GMP and 64-bit systems

Sun Jun 1 11:30:17 CEST 2008

Hello,

* librik at panix.com <librik at panix.com> [Jun 01. 2008 18:25]:
> Hi there.  I'd like to make some comments spurred by the recent
> complaints about GMP's compatibility with 64-bit Windows.
> 
> 
> The main issue people have with GMP on Win64 is really a more general
> problem of non-standard C coding practice.  In fact, this practice can
> be cleaned up systematically, which will improve the quality of GMP's
> code and thereby make it work better with a wider variety of 64-bit
> interfaces.
> 
> The problem is:  GMP's code implicitly assumes the LP64 model of
> 64-bit C types.  This is not the only 64-bit model; LLP64 and ILP64
> are alternatives.

I'd think that LP64 is used in very many software projects with
the notable exception of software that is exclusively or mainly
developed on/for Windows.  Can someone please comment on this?

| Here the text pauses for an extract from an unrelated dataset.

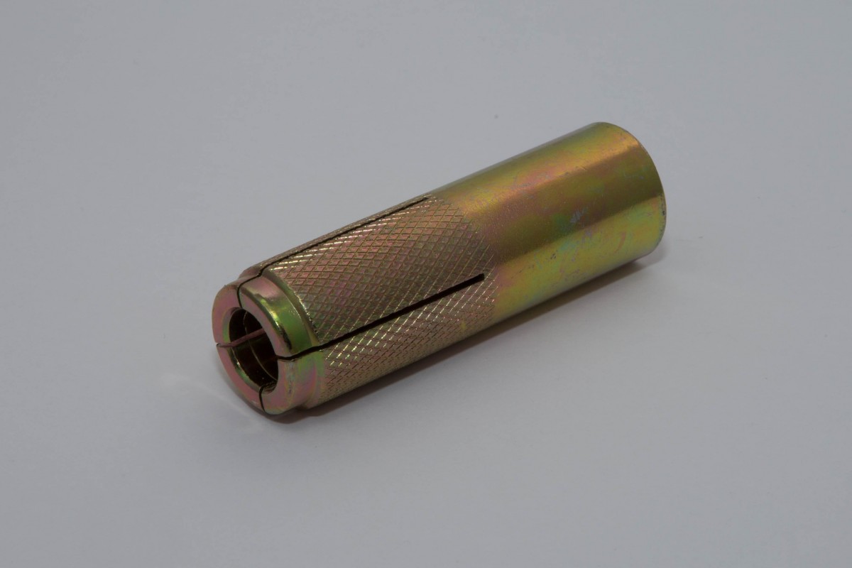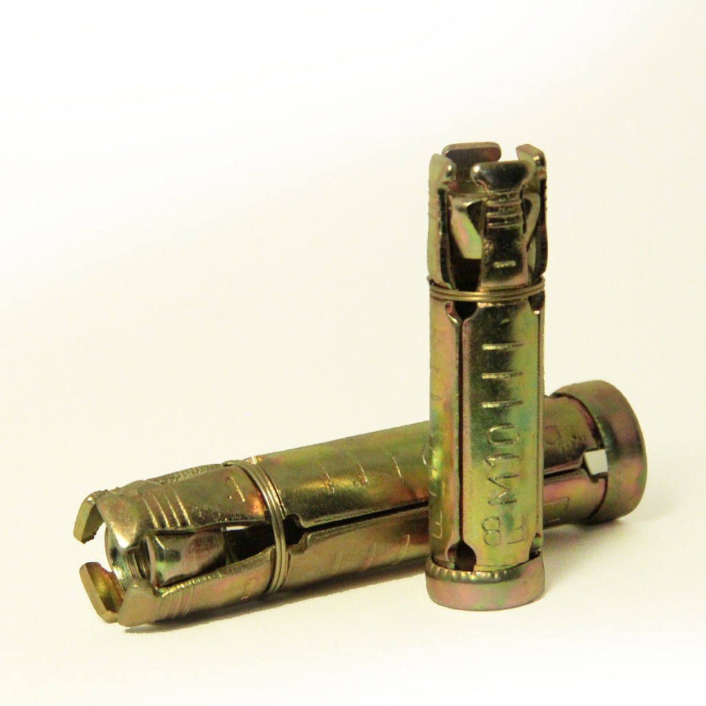 Простейший вид распорного крепежа, представляющий собой стержень (болт) с конусообразным концом, гильзой с четырьмя вырезами и гайкой. Гайка выступает в роли фиксатора — с ее помощью конструкция фиксируется в заранее высверленном посадочном отверстии, диаметр которого равен диаметру гильзы. После вбивания стержня в отверстие гайка поворачивается по часовой стрелке, тем самым двигая стержень наружу. Конусовидный конец шпильки распирает гильзу в районе вырезов, тем самым закрепляя конструкцию в отверстии.

What 64-bit archs (of any importance) are not using LP64?

> 
> The solution is:  Use the existing "mp_size_t" type consistently
> throughout the GMP source code and public interfaces to refer to a
> number of limbs, bytes, or bits.  Then typedef "mp_size_t" to a 32-bit
> or 64-bit fundamental C type.  This is already what's done with the
> "mp_limb_t" type and the "LONG_LONG_LIMB" & "GMP_SHORT_LIMB"
> preprocessor macros.
> 
> mp_size_t is already used in many places in the GMP code for this
> purpose.  But it's not everywhere yet -- many functions and structs
> still use a bare "long int".  Until all the longs are eliminated,
> the code is not fully portable.

Making software portable is a good thing indeed, fully agreed.
Making it really really fully portable
-- causes significant extra work
   (note a char doesn't even need to be eight bits!)
-- makes it vastly more complex and can render testing
   a real challenge.
-- may lead to waste of performance or features.

> 
> 
> What's the issue with 64-bit C types?  Here's a quick background document
> for you, the "Aspen paper" describing the three models and why most Unix
> systems standardized on LP64.
>     http://www.unix.org/version2/whatsnew/lp64_wp.html
> A summary for the impatient:  there are three ways to extend C types to
> a world where pointers and size_t's are 64 bits wide.
> * LP64 defines "int" as 32 bits and "long" as 64 bits.
> * LLP64 defines "int" and "long" as 32 bits, and an additional type
>   (usually called "long long") as 64 bits.
> * ILP64 defines "int" and "long" as 64 bits.
> ALL THREE ARE EQUALLY VALID APPROACHES.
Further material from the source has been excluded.